In the listing below, start your output at the line with "本文关于移栽香樟的基本详情介绍就讲解完毕,希望对大家有所帮助。" and end it after the line with "2.进入任务管理后,可以看到有哪些应用在运行。", copying every line exactly.
··· DATASET ENTRIES ···
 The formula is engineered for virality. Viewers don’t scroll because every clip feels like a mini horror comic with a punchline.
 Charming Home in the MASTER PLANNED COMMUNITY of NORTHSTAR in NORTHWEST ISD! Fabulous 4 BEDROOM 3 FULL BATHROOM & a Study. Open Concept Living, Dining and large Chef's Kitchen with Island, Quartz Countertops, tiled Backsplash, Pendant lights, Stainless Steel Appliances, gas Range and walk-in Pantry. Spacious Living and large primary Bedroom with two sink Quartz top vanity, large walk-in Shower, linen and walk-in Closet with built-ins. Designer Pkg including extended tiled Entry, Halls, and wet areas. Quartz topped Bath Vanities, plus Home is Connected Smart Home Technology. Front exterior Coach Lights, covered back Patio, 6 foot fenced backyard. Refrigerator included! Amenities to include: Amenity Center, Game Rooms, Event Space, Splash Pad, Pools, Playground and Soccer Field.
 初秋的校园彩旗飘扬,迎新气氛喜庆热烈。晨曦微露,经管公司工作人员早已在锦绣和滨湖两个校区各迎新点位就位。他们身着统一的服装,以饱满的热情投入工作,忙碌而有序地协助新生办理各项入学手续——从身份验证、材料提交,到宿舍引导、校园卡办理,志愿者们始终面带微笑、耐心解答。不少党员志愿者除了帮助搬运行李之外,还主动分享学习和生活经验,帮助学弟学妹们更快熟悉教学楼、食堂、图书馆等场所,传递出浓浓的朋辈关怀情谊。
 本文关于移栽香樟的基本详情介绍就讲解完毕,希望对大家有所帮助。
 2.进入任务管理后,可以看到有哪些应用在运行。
···
··· DATASET ENTRIES ···
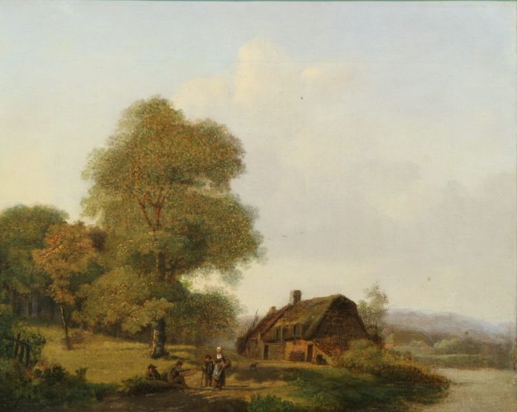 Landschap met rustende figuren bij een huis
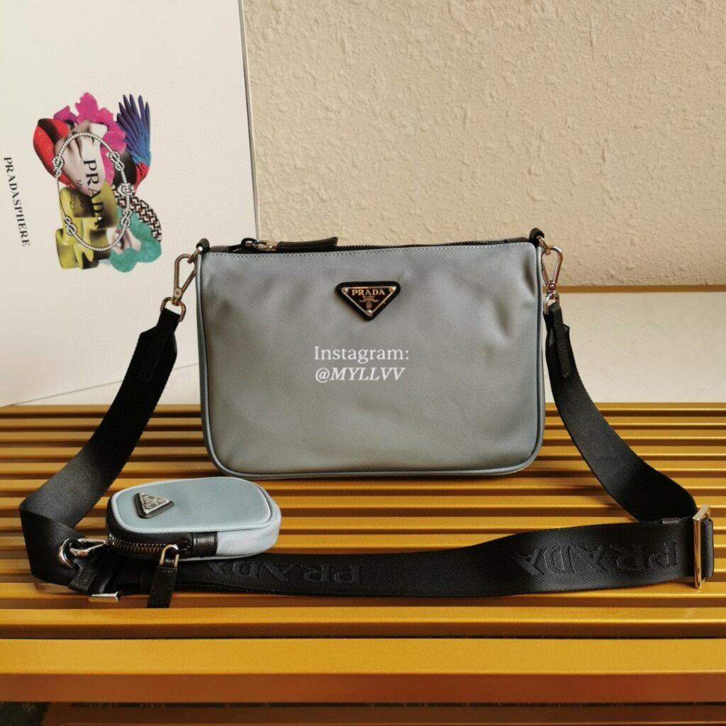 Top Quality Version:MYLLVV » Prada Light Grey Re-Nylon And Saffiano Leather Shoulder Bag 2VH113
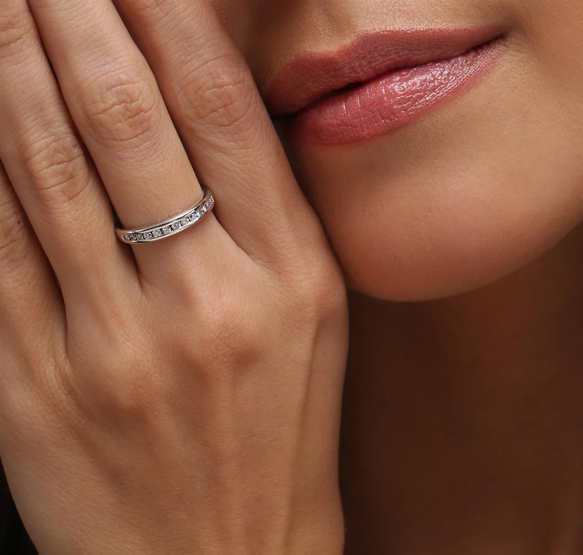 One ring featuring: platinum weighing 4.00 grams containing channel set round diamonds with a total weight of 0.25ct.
···
EXERCISE OUTPUT.
 本文关于移栽香樟的基本详情介绍就讲解完毕,希望对大家有所帮助。
 2.进入任务管理后,可以看到有哪些应用在运行。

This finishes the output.